+++ Data for this task +++

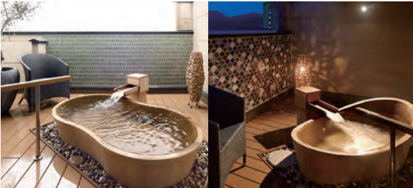
露天風呂付客室「篝火」(326号室)
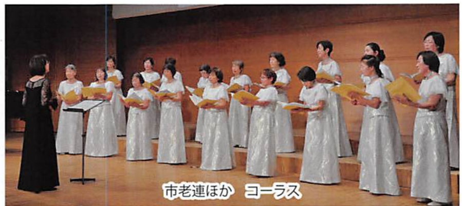
市老連ほか コーラス
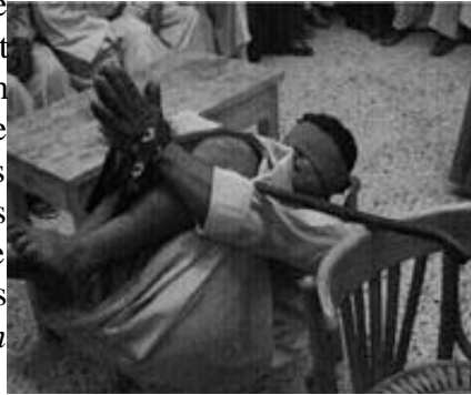
Reconstitution d'une méthode de torture utilisée en Égypte

Le gouvernement égyptien continue de nier que le recours à la torture et aux mauvais traitements est systématique dans de nombreux lieux de détention dans tout le pays, en particulier dans les postes de police et les locaux du Service de renseignements de la sûreté de l'État. Malgré les preuves accablantes de l'existence d'une pratique généralisée de la torture, les autorités égyptiennes ne reconnaissent que « des cas isolés de violation des droits humains 3 ».
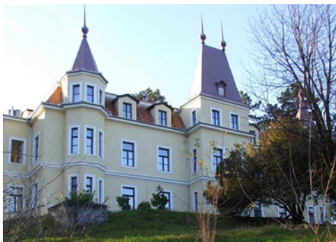
Prohászka Ottokár Élet Háza, Csobánka

Prohászka Ottokár 1915-ben tett felhívására három évvel később a csobánkai Margitligeten az egykori Martin idegszánatórium épületének felújításával jött létre az első magyarországi hadiárva ház. Egyszerre hatvan-nyolcvan kisleány nevelkedett az általa alapított Szociális Missziótársulat otthonában, a társulat nővéreinek otalma alatt. Ha tehetta a püspök úr, rengeteg időt töltött – ahogy ő nevezte az otthonban élő gyerekeket – a „nefelejcskék” között. A hadiárvaházat Prohászka Ottokár hatvanadik születésnapján (1918. október 10-én) nyitották meg.
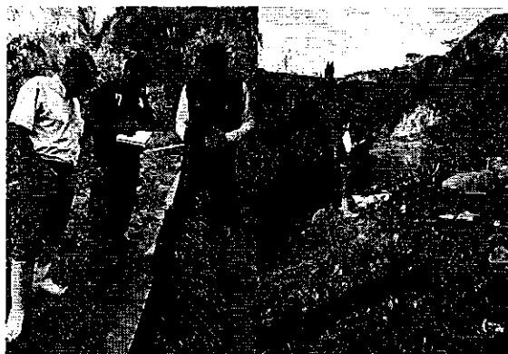
Fotografía 2. Visita, recorrido, aforamiento a la Acequia El Taladro

+++

» Assignment
In the lines above, find the word "Prohászka" and copy each line that contains it.

» Written reply
Prohászka Ottokár Élet Háza, Csobánka
Prohászka Ottokár 1915-ben tett felhívására három évvel később a csobánkai Margitligeten az egykori Martin idegszánatórium épületének felújításával jött létre az első magyarországi hadiárva ház. Egyszerre hatvan-nyolcvan kisleány nevelkedett az általa alapított Szociális Missziótársulat otthonában, a társulat nővéreinek otalma alatt. Ha tehetta a püspök úr, rengeteg időt töltött – ahogy ő nevezte az otthonban élő gyerekeket – a „nefelejcskék” között. A hadiárvaházat Prohászka Ottokár hatvanadik születésnapján (1918. október 10-én) nyitották meg.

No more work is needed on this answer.